The binary file arguments to BE are normally of the form :-
filename[@address]
This tells BE to load the file and whenever data at a memory address
from address
to address+filelength
is accessed,
to supply the data from the file.
However, it is possible to supply binary file arguments of the form :-
extension!args[@address]
Under OS/2, BE will ensure that BEextension.DLL is loaded.
This DLL should be on the LIBPATH and should contain certain entrypoints
which will be used by BE.
BE then passes the args
and address
to the
extension DLL, who does something of its own chosing with them.
The extension DLL can then supply data to BE on request.
Under Windows, provision for extension DLLs is also exists.
The DLL is located according to the algorithm used by the Win32
LoadLibrary
API.
One use of this might be the provision of an extension for handling files too massive to load into memory all at once. The extension could open a file handle and read bytes demanded by BE upon request. This extension could be provided in BEBIGFIL.DLL, and the user could type :-
be bigfil!verybigfile.dat
Another use might be in live-debug of adapter cards.
The extension would provide data bytes from the memory space of the
adapter. args
could be used to identify the slot the
adapter is in.
Yet another use, might be providing BE with access to physical or virtual or process specific linear address spaces, perhaps via the use of a device driver.
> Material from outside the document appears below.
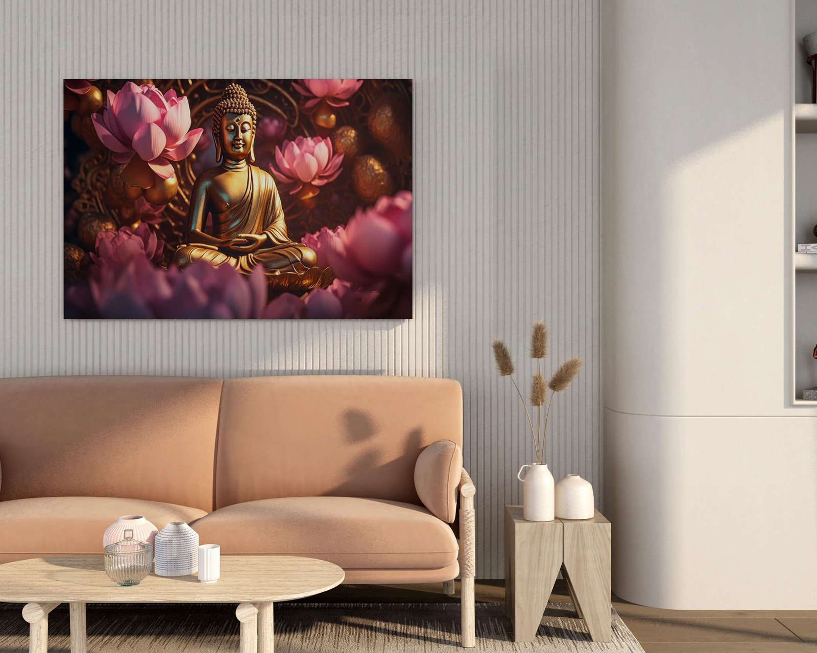 Transform your space into a sanctuary of tranquility with our exquisite Buddha wall paintings. Crafted with meticulous detail and imbued with spiritual serenity, each piece radiates peace and harmony. Elevate your home decor with these timeless artworks, perfect for creating a serene ambiance in any room. Explore our collection and invite the essence of enlightenment into your living space today The canvas is carefully stretched over a durable wooden frame, creating a gallery-quality finish that adds a touch of elegance to any room. Whether you’re looking for a Buddha framed painting for wall or a Buddha big wall painting with frame

Shared memory windows might give addressibility of datastructures in other programs.
Also, the surface of a disk or block device could be made accessible via an extension.
Perhaps bytes sent down a communications port could be made to appear as a stream of binary data.
The file bememext.h
documents the extension interface.
Currently extensions may only be built for the OS/2 or version of BE
using the IBM C-Set++ compiler, or the Win32 version of BE using MS Visual C++.
I anticipate learning about shared library support on the various different
types of UNIX, enabling similar tricks to be performed there.
BE can be found on the You get a selection of executables, and the one to pick depends upon which operating system you wish to run :-
Unfortunately I don't have continual access to all the platforms, so improvements in one version may not yet be reflected into the others.
Copying of this program is encouraged, as it is fully public domain. Caveat Emptor.